The Eds bid a fond farewell as they lay Serials to rest

We are excited to bring you this first edition of Insights and very much hope you all like the changes in format and design. It is not just Insights that has changed – change is happening all around us – and it is a strong theme in many of the articles in this issue. Aleksandra K Krotoski says that the internet is “the greatest social experiment of our time” and while this means great opportunities to gather and share open data, it brings with it new ethical issues that we have yet to address. IJsbrand Jan Aalbersberg and his colleagues from Elsevier discuss what the article of the future might look like and Reed Elfenbein of Wiley-Blackwell considers how scholarly communication might change and how publishing now needs constantly to reinvent itself. Mike Taylor talks about how the use of new technologies has the potential to reduce costs, deal with information overload and foster collaboration. If, like us, you are still a little fuzzy about the benefits of the Open Researcher and Contributor ID organization (ORCID) – this article makes it all clear!

In the face of all this technological change, James G Neal discusses not only how the academic research library might sustain its core responsibilities but also how it is taking on important new roles. James argues that one of those roles is as a builder of digital collections, and such activity increasingly means collaboration. Fortuitously, Simon Bell from the British Library has provided us with his top-ten things to consider when entering into public-private digitization partnerships and Caren Milloy of JISC Collections tells us about some of the challenges her organization has faced in building platforms for digitized content.

Terry Bucknell follows up on the presentation he gave at last year's UKSG conference by discussing how buying packages or bundles of e-books can provide better value than title-by-title selection or patron-driven acquisition (PDA). With big deals for journals and perhaps for e-books, you might think that inter-library loan (ILL) is a thing of the past – but Mike McGrath tells us that ILL is in good health, and Gareth J Johnson gives us the low-down on the UK inter-lending scene!

The economic downturn means that cancellations are now an unpleasant fact, and Anne Murphy explains how the AMNCH Library used an evidenced-based approach when faced with having to make a 25% reduction in subscribed titles. Challenging economic times also means a greater emphasis than ever on efficiency and therefore no surprise that the UKSG one-day conference on the subject of ‘shared services’ was a sell-out. Colin M Cram has written up his presentation for us and it provides practical examples from other sectors of the possible pitfalls and opportunities in setting up a shared service. Marc van den Berg from Tilburg University describes how his local implementation of an integrated library system (ILS) and a cloud solution may be a building block for a Dutch national shared infrastructure for scholarly output.

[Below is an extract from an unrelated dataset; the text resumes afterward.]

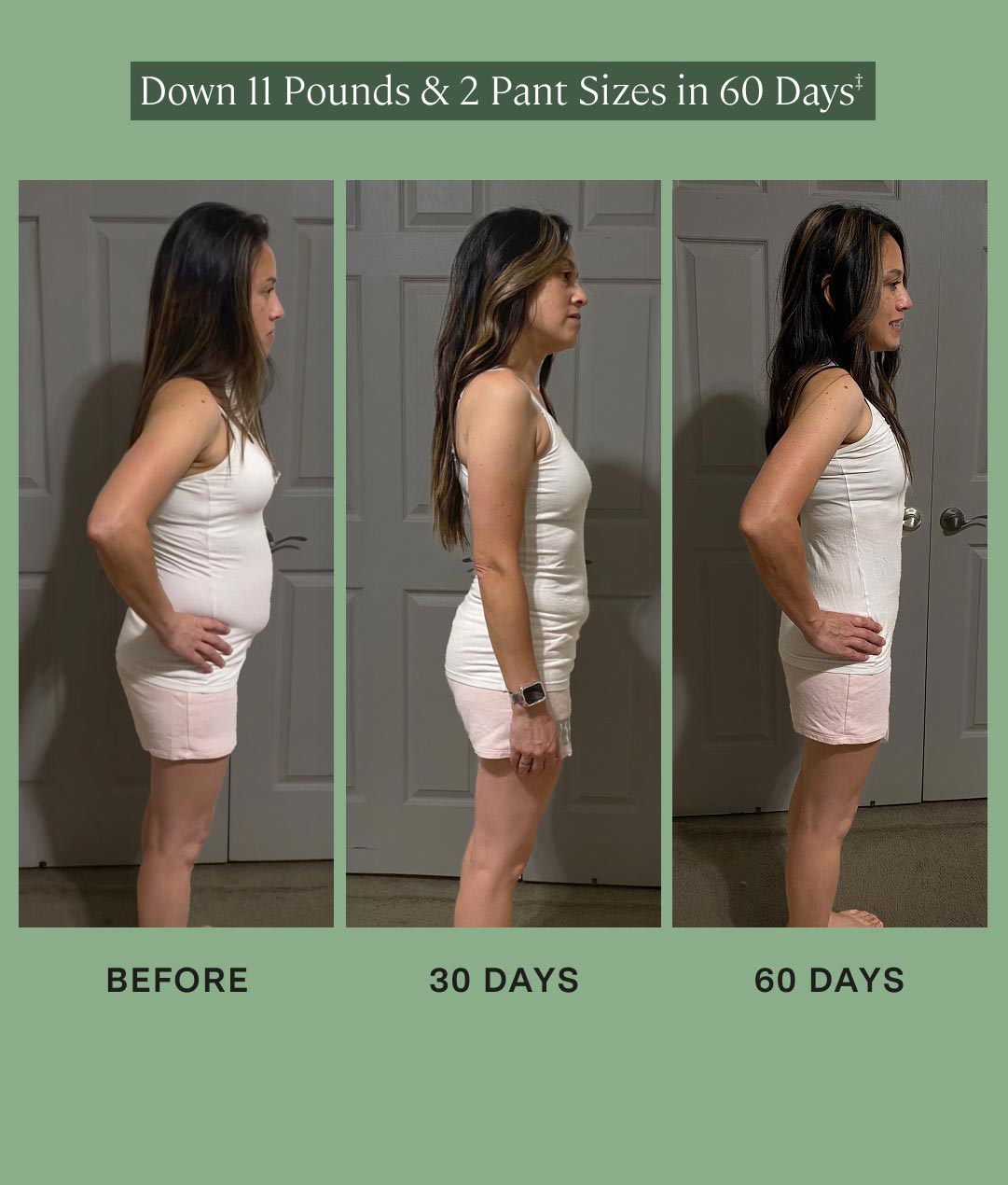 ‡Results may vary and are achieved with proper diet and exercise. Extreme results are not typical and may require extended time on the supplement. Results based on a 30-person at-home consumer test group. Featured customers are compensated for their time and for sharing honest experiences.

Collaborations are increasingly not only national but also international and Karen Christensen discusses the communication tools we might require to build cross-border communities to energize learning and teaching.

The most enjoyable part of editing Insights is the contact with people in the industry, and in this issue we are pleased to be able to include so many interesting information professionals. We start off by introducing two members of our own editorial board: Nick Woolley from King's College London and Kari Paulson, President of EBL. We were delighted when a retired member of our editorial board, Dan Tonkery, was able to step into the breach and interview Deanna Marcum – this is something of an Insights scoop as she has only just started in her new role as Managing Director, Ithaka S+R. In this issue, we also profile Sarah Thomas, the first woman and non-British citizen to be Bodley's Librarian. Our very popular ‘A day in the life’ series introduces you to two characters who certainly get to travel. Todd Carpenter from NISO in the United States describes a terrifying flight to the Charleston Conference and Kerem Kahvecioglu from Istanbul Bilgi University in Turkey tells us about his internship at the Yale Law School Library. Kerem discovered that this library not only lends books – but a dog called Monty!

Finally, Oya Rieger from Cornell University Library leads on our Key Issue: institutional versus subject repositories.

We hope to see many of you in Glasgow at the UKSG Annual Conference, and for those of you who cannot make it, we will bring you articles and reports on all of the hot topics in our next issue.